INSTRUCTIONS FOR THE TASK:
Print only the lines from the top of the data through the line with "Apartmán typ A", both included, skipping every picture.

** Opening RECORDS SUPPLIED block **

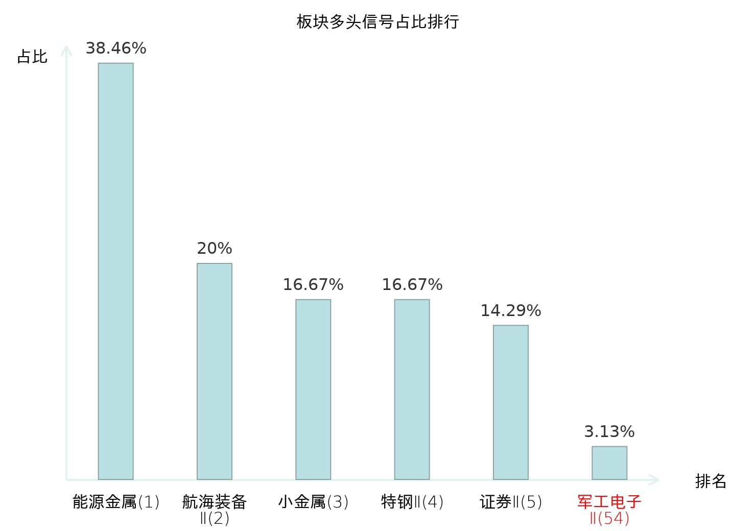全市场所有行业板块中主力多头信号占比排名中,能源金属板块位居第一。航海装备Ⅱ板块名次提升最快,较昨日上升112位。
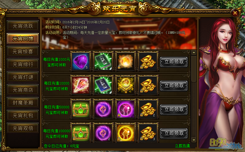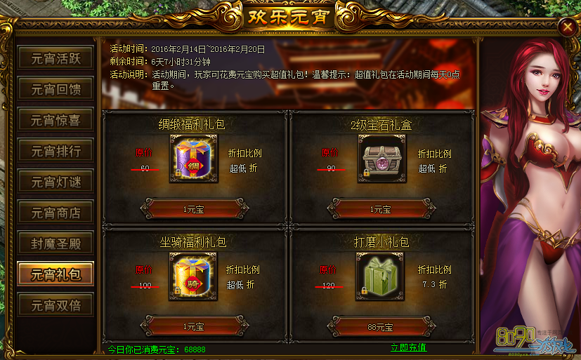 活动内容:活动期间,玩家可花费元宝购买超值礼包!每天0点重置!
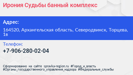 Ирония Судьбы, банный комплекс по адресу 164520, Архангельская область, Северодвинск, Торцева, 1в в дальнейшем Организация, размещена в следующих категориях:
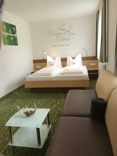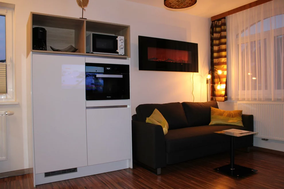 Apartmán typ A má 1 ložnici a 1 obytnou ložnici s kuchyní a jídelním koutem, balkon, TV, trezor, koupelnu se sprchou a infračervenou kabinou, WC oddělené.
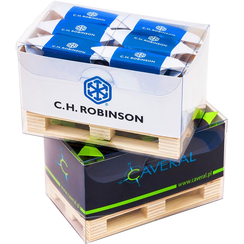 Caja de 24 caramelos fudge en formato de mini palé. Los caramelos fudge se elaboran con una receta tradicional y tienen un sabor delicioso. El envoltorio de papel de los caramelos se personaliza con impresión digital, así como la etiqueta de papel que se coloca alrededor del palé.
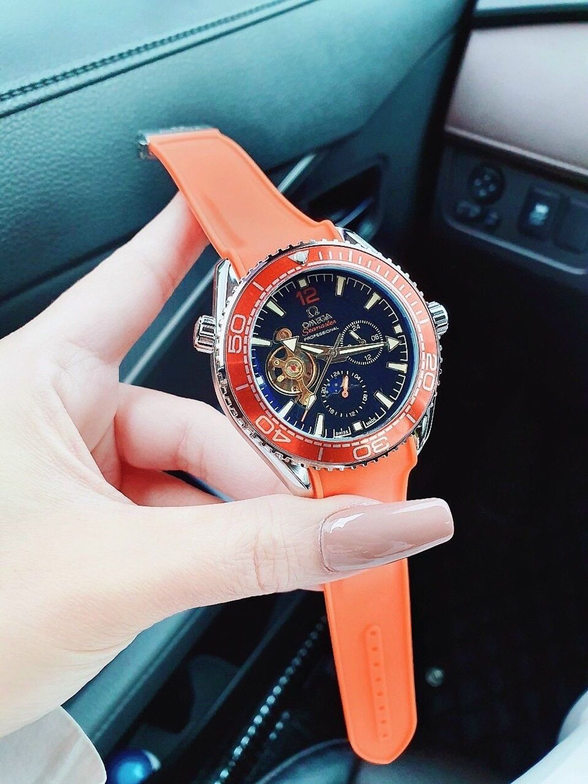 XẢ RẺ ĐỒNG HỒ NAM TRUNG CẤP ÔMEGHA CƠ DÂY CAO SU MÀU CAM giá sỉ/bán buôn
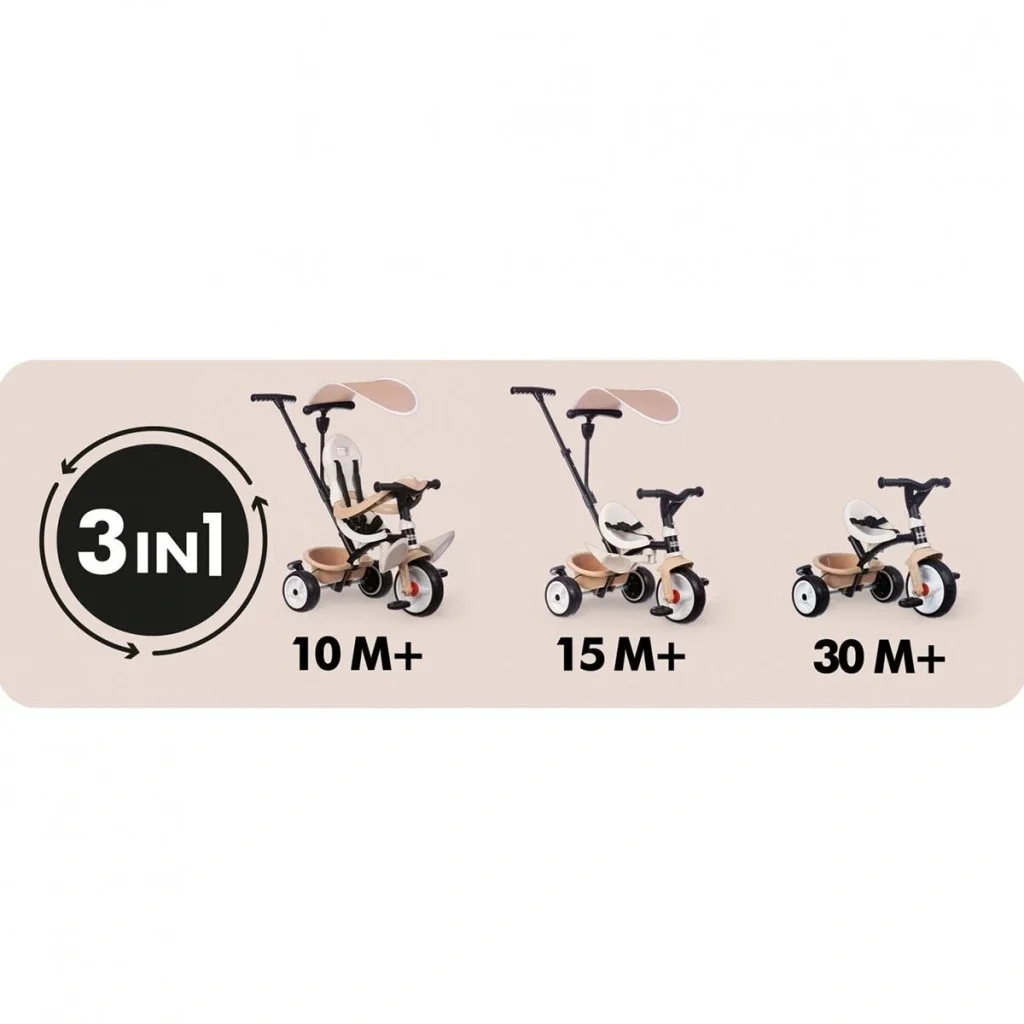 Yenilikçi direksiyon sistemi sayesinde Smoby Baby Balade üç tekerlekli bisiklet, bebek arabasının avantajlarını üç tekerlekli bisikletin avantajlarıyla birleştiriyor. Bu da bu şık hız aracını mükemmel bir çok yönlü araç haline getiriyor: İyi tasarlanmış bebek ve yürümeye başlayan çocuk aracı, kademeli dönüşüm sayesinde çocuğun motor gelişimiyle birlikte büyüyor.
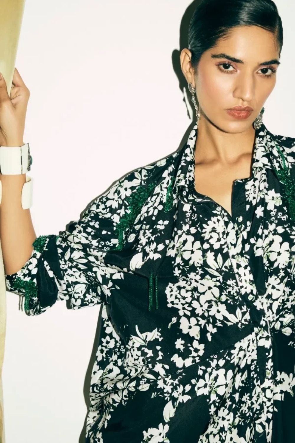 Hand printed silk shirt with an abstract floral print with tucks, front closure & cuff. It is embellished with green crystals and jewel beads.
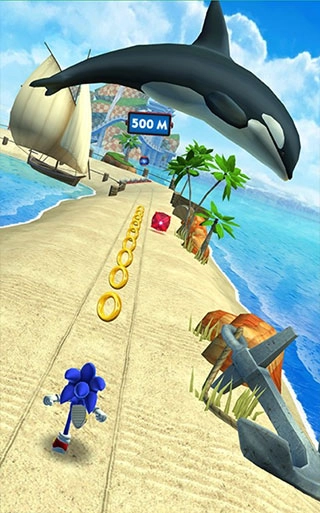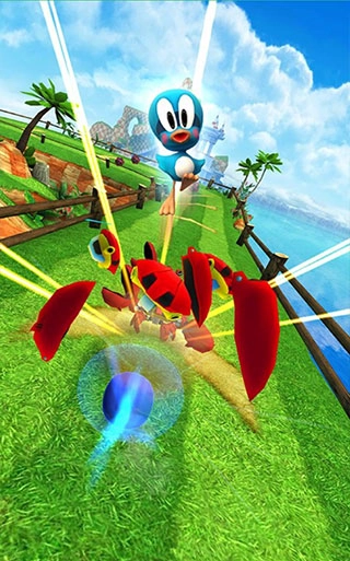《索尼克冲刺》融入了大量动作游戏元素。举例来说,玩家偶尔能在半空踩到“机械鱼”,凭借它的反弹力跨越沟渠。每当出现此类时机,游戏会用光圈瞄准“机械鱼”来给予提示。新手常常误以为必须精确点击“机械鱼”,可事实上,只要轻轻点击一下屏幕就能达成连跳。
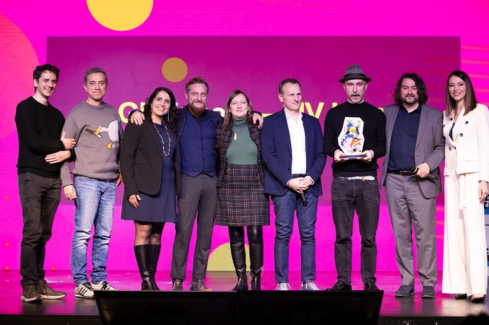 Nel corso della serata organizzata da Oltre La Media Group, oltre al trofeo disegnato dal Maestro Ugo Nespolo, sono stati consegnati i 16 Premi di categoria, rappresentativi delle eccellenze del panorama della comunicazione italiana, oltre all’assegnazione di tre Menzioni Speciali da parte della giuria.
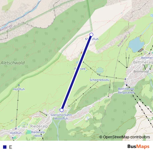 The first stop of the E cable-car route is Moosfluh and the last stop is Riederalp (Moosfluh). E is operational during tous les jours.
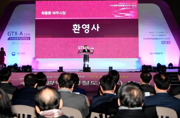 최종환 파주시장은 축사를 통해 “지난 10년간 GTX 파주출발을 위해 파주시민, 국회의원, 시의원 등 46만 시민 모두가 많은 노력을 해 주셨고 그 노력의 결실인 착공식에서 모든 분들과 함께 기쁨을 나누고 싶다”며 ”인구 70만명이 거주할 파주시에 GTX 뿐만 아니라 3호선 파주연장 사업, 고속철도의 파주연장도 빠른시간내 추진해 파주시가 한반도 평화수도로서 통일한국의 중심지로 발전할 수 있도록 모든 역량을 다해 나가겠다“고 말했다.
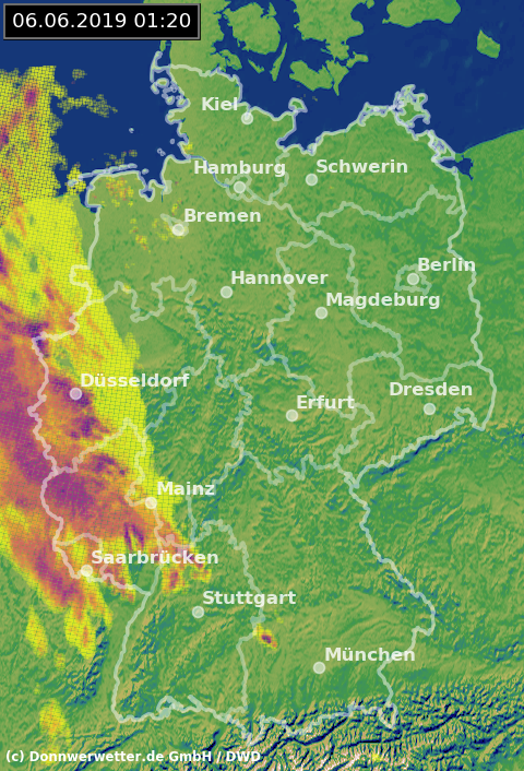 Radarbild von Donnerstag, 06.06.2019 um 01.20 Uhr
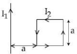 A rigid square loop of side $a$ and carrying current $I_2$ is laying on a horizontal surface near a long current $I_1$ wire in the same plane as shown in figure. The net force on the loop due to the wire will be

** Closing RECORDS SUPPLIED block **

SOLUTION:
全市场所有行业板块中主力多头信号占比排名中,能源金属板块位居第一。航海装备Ⅱ板块名次提升最快,较昨日上升112位。
 活动内容:活动期间,玩家可花费元宝购买超值礼包!每天0点重置!
 Ирония Судьбы, банный комплекс по адресу 164520, Архангельская область, Северодвинск, Торцева, 1в в дальнейшем Организация, размещена в следующих категориях:
 Apartmán typ A má 1 ložnici a 1 obytnou ložnici s kuchyní a jídelním koutem, balkon, TV, trezor, koupelnu se sprchou a infračervenou kabinou, WC oddělené.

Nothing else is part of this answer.